From 5a98b7cf1cd9ea7546cde07f6f1b0afbd604f35c Mon Sep 17 00:00:00 2001
From: Joel Nothman <joel.nothman@gmail.com>
Date: Tue, 8 Aug 2017 23:00:57 +1000
Subject: [PATCH] DOC a note on data leakage and pipeline

---
 doc/modules/pipeline.rst | 11 ++++++++---
 1 file changed, 8 insertions(+), 3 deletions(-)

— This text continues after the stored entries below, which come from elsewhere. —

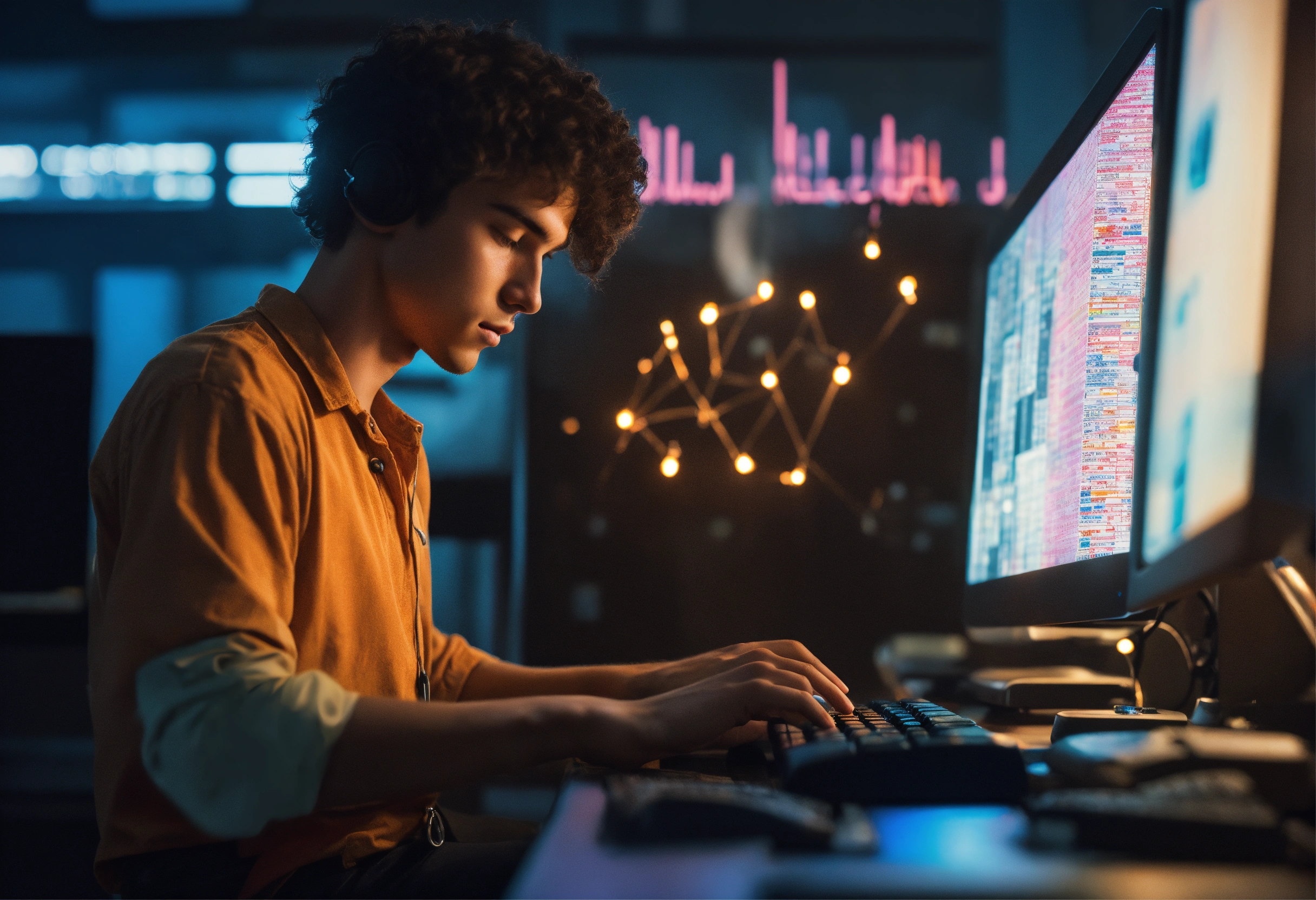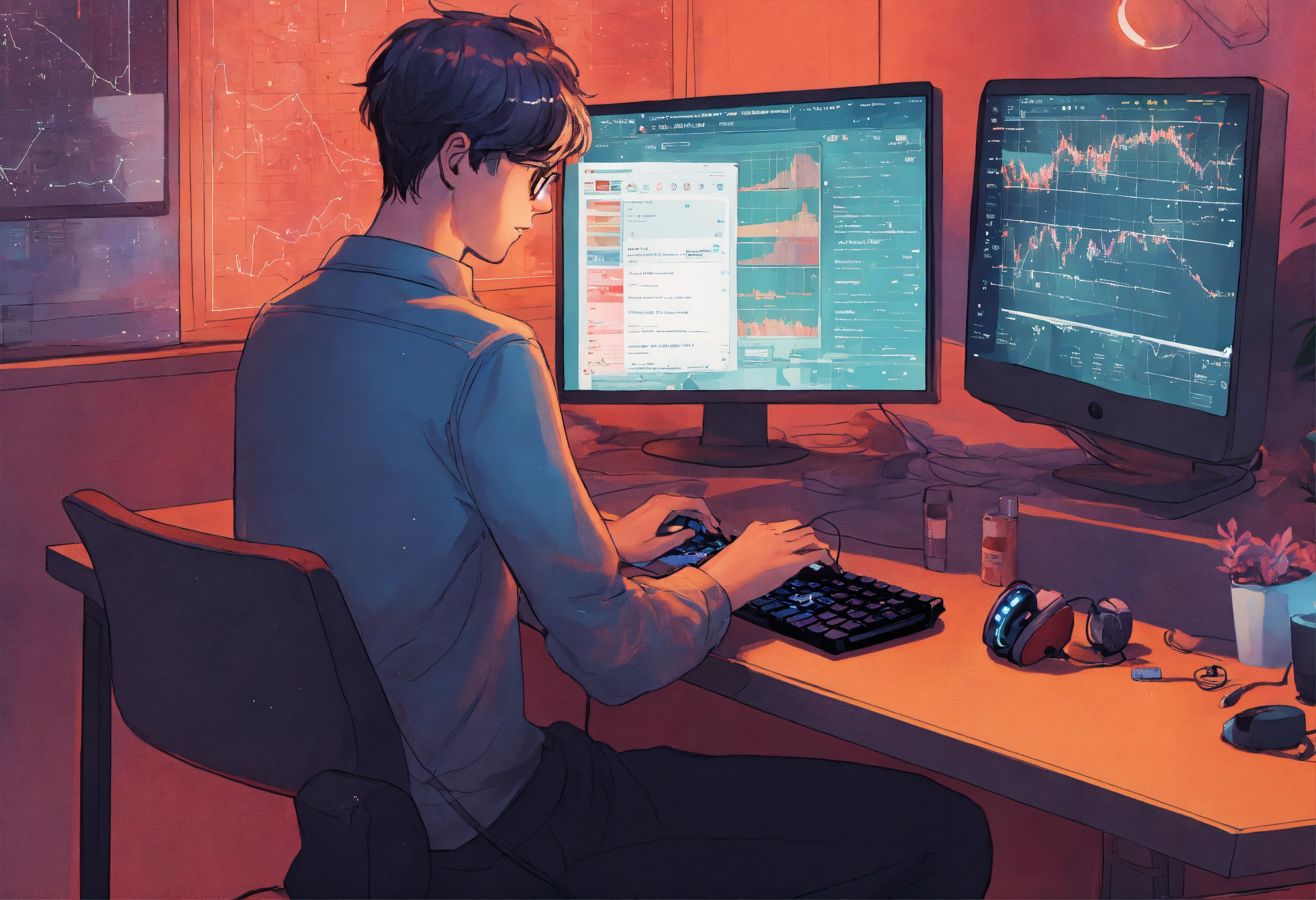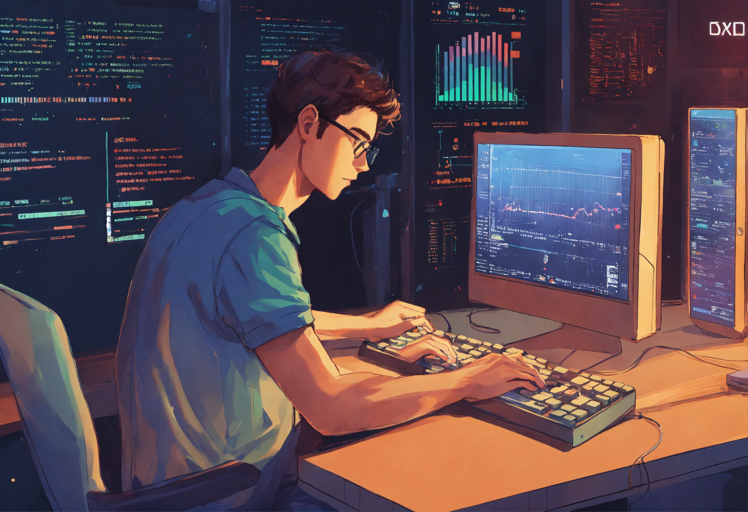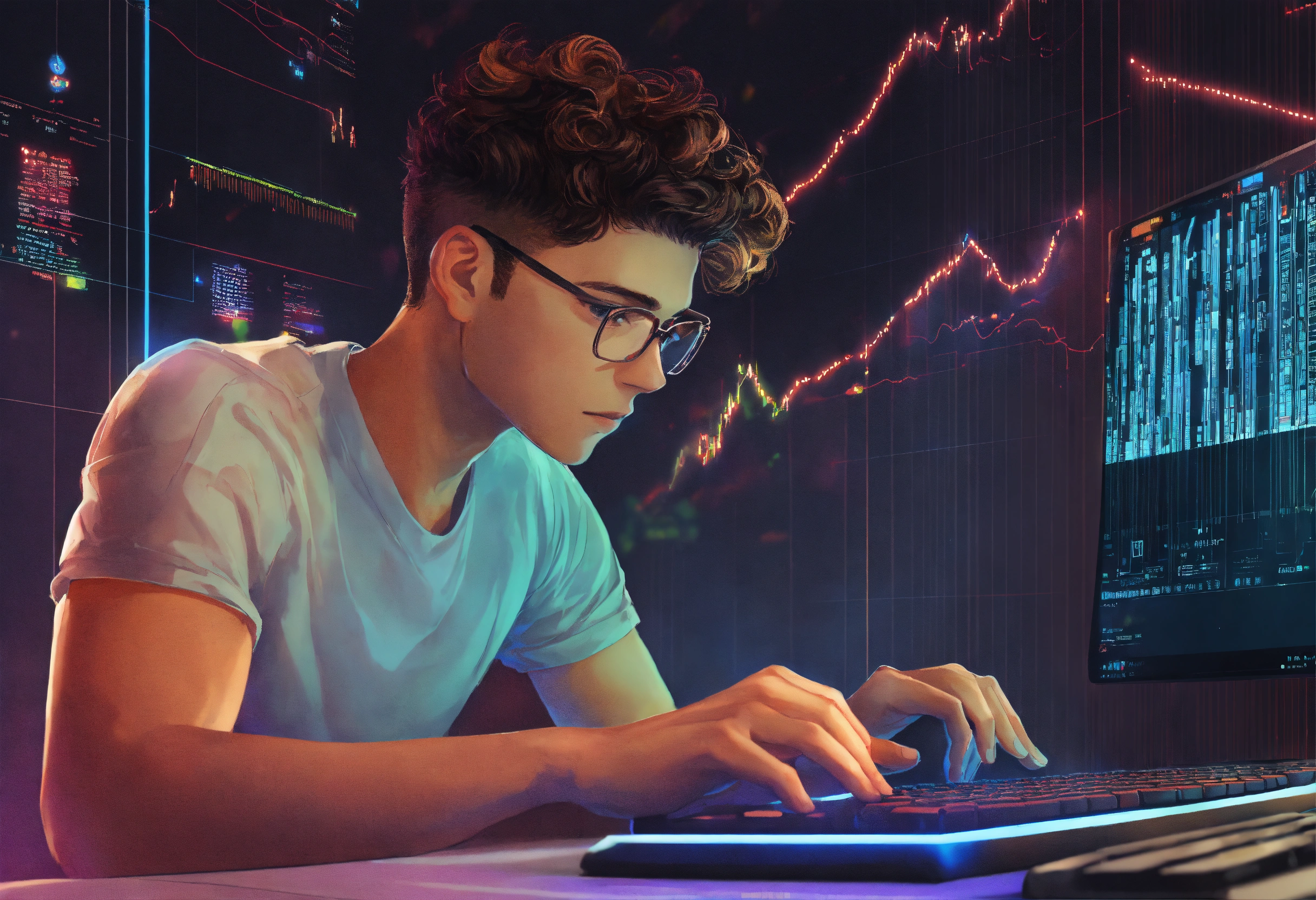 A young man is typing text on a keyboard. the background is a computer image and a growth chart, an image that uses symbols and signs to convey information, style illustrative, pseudographic, symbolic, style david lanham, anya stepanova, julia rothman
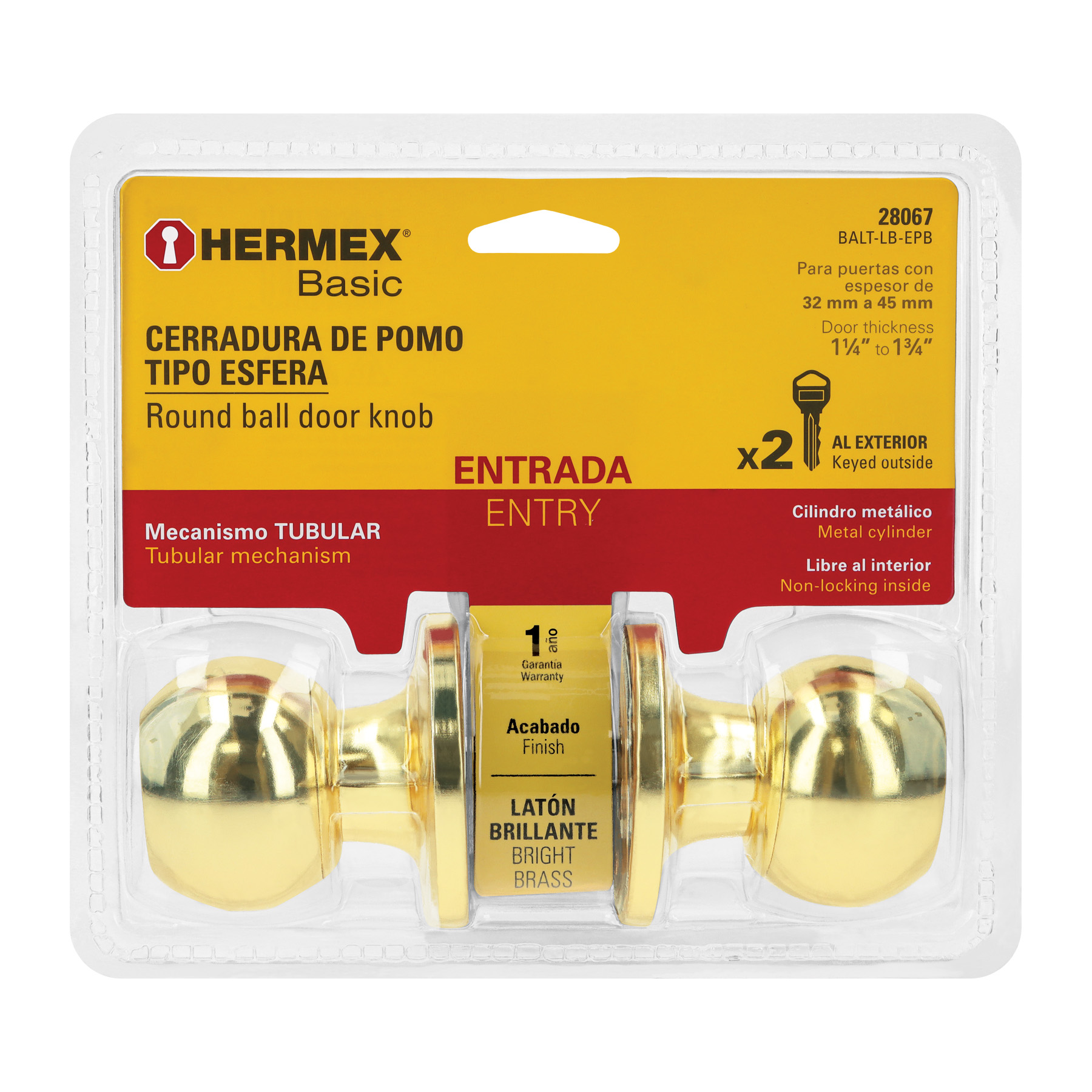 Cerrojo con botón de emergencia al exterior y botón de seguridad al interior, Mecanismo cilíndrico con cilindro metálico, Perilla y escudo de acero, acabado laton brillante, Para colocación en puertas con espesor de 1-1/4″ a 1-3/4″ (32 a 45 mm)
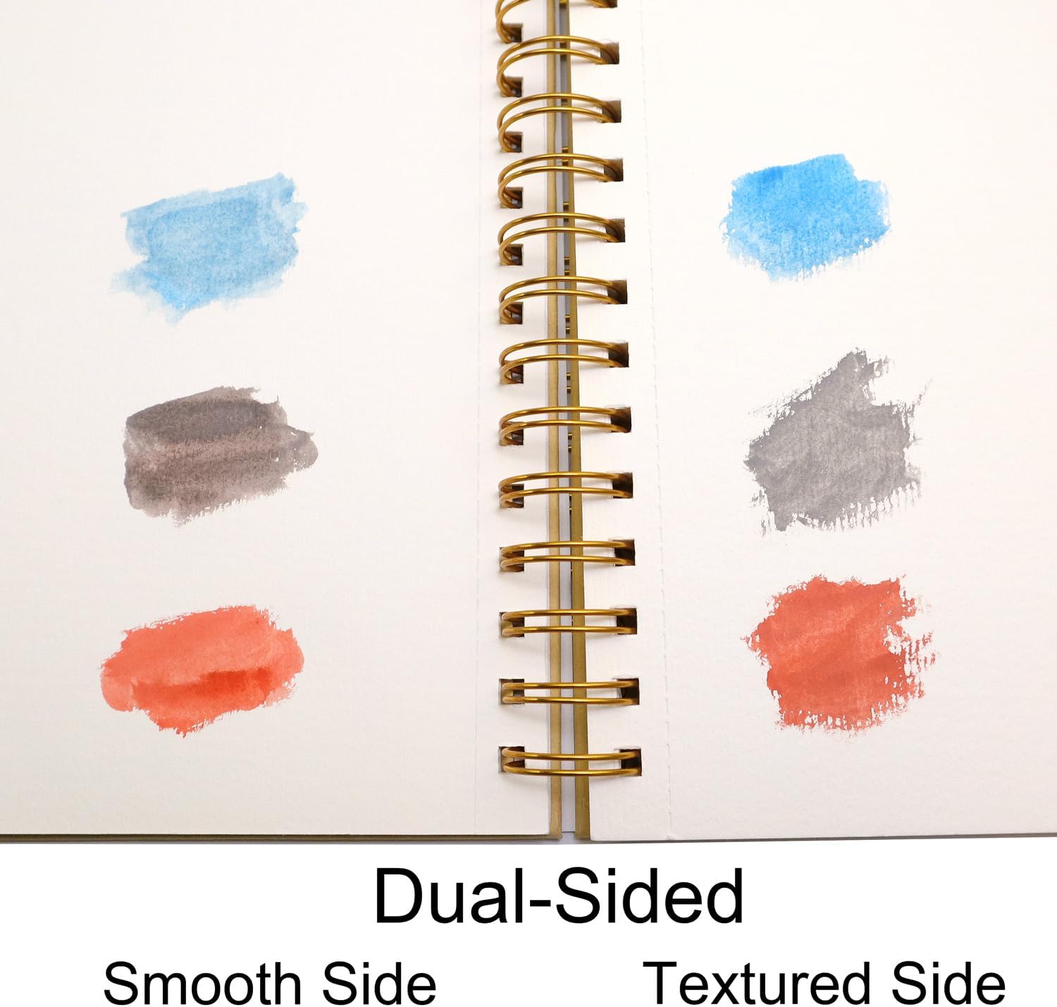 Watercolor Paper Pads, 5.5x8.5, 3Pack, Kraft Hardcover Sketch Books, 140lb/300gsm Heavyweight Cotton Paper, Spiral Bound, Cold Pressed, Dual-Sided(Smooth&Texture), Painting Paper for Artists Students
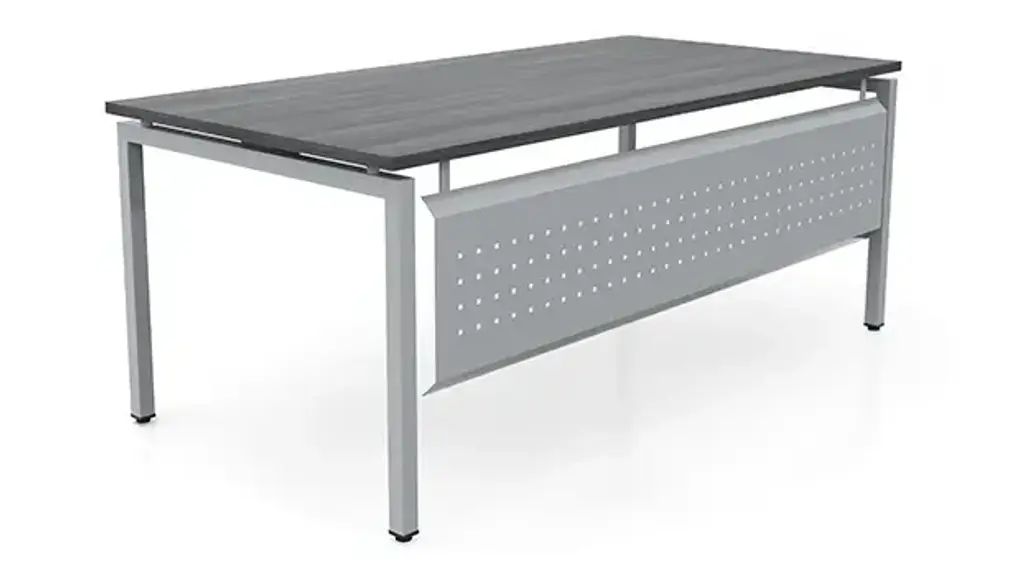 This Desk is Reversible OnTask Collection offers a wonderful mixed material look that can be used in any work environment. Laminate top is 1" thick and is supported by the OnTask metal legs. Available in several laminate finishes and 2 metal colors. Includes punched metal modesty panel. Ships ready for easy assembly.
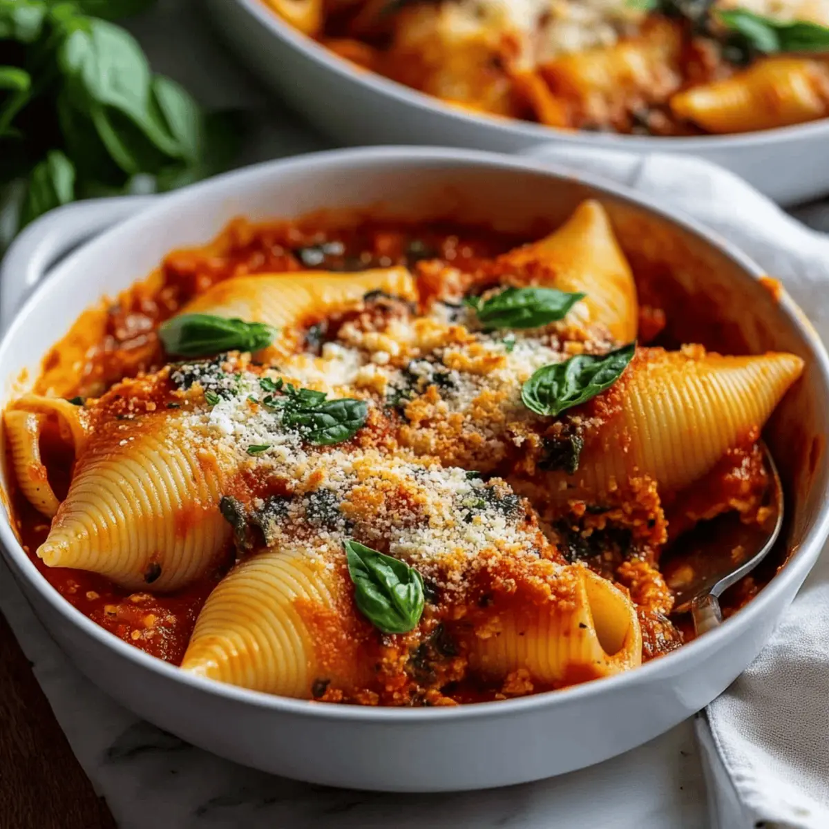 As I peeled back the layers of my grandmother's old recipe book, I stumbled upon a treasure that instantly took me back to my childhood kitchen. These Creamy Spinach Ricotta Stuffed Shells with Rich Tomato Sauce are not just a meal; they’re a heartwarming reminder of family gatherings and cozy evenings. With their creamy filling and savory sauce, these delightful shells are surprisingly easy to whip up, making them a perfect addition to your weeknight dinners or when entertaining guests. Packed with nutrients and made with simple ingredients, they strike the balance between comfort food and healthy eating. Curious how these delectable little parcels come together? Let me share the magic of making this dish that brings smiles around the table!
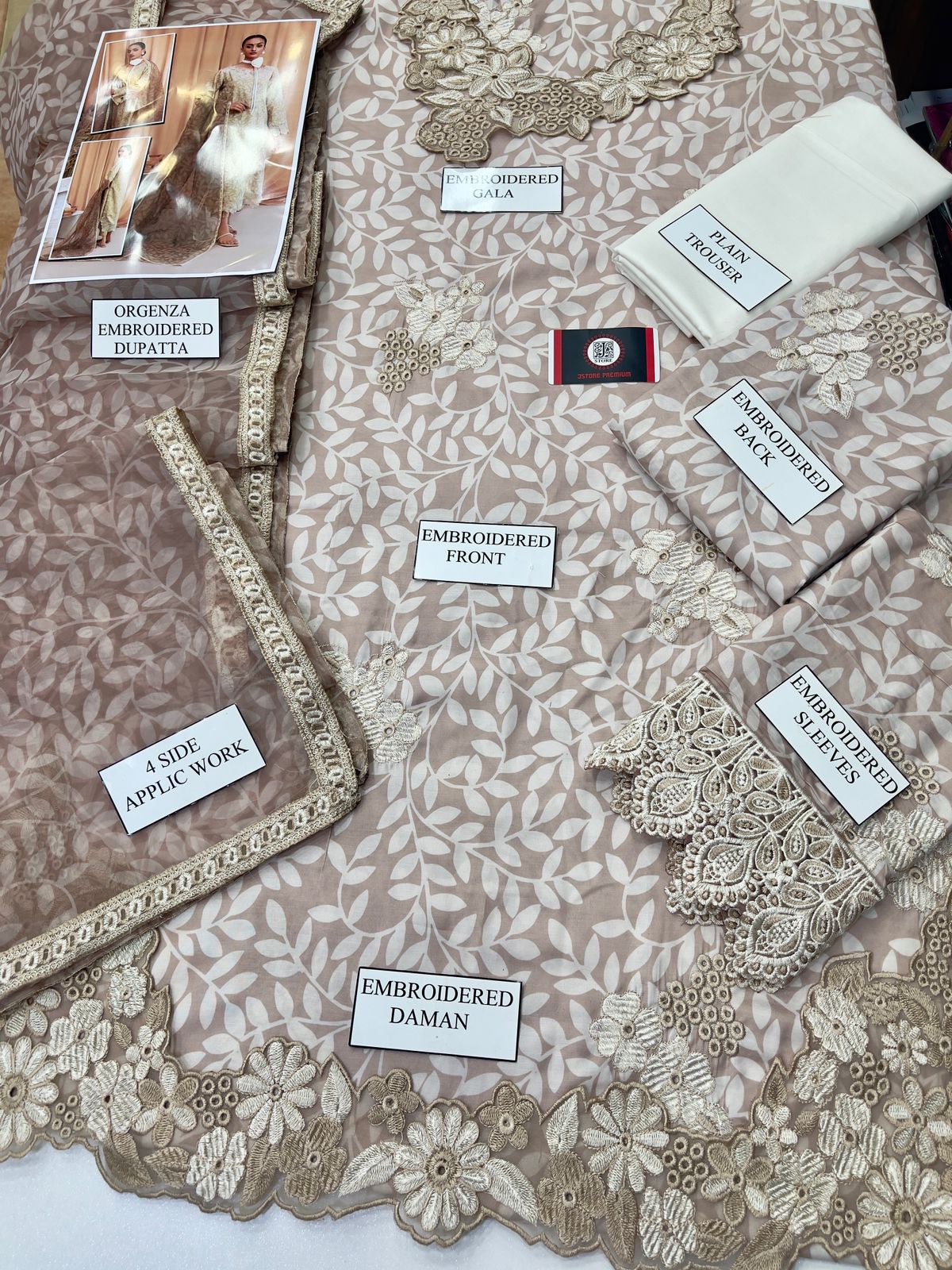 EID COLLECTION CHIKENKARI (3PEC-UNSTICHED)* QUALITY U LOVE TO WEAR DIGITAL PRINTED SWISS LAWN SHIRT WITH ORGENZA DUPATTA DESCRIPTION -DIGITAL PRINTED FRONT WITH HEAVY CHIKENKARI EMBROIDEREY ALONG WITH HEAVY DAMAN EXTERNAL PATCH -HEAVY EMBROIDERED DAMAN PATCH -DIGITAL PRINTED FRONT WITH HEAVY CHIKENKARI EMBROIDEREY -DIGITAL PRINTED SLEEVES WITH HEAVY CHIKENKARI EMBROIDEREY ON FABRIC ALONG WITH HEAVY EMBROIDERED CUFF PATCH -DIGITAL PRINTED ORGENZA DUPATTA WITH 4 SIDE APPLIC EMBROIDERED(READY TO WEAR) -COTTTON DYED TROUSER

diff --git a/doc/modules/pipeline.rst b/doc/modules/pipeline.rst
index 4356b3fe8d640..232b3ed72bbda 100644
--- a/doc/modules/pipeline.rst
+++ b/doc/modules/pipeline.rst
@@ -16,11 +16,16 @@ into one. This is useful as there is often a fixed sequence
 of steps in processing the data, for example feature selection, normalization
 and classification. :class:`Pipeline` serves two purposes here:
 
-    **Convenience**: You only have to call ``fit`` and ``predict`` once on your
+Convenience and encapsulation
+    You only have to call ``fit`` and ``predict`` once on your
     data to fit a whole sequence of estimators.
-
-    **Joint parameter selection**: You can :ref:`grid search <grid_search>`
+Joint parameter selection
+    You can :ref:`grid search <grid_search>`
     over parameters of all estimators in the pipeline at once.
+Safety
+    Pipelines help avoid leaking statistics from your test data into the
+    trained model in cross-validation, by ensuring that the same samples are
+    used to train the transformers and predictors.
 
 All estimators in a pipeline, except the last one, must be transformers
 (i.e. must have a ``transform`` method).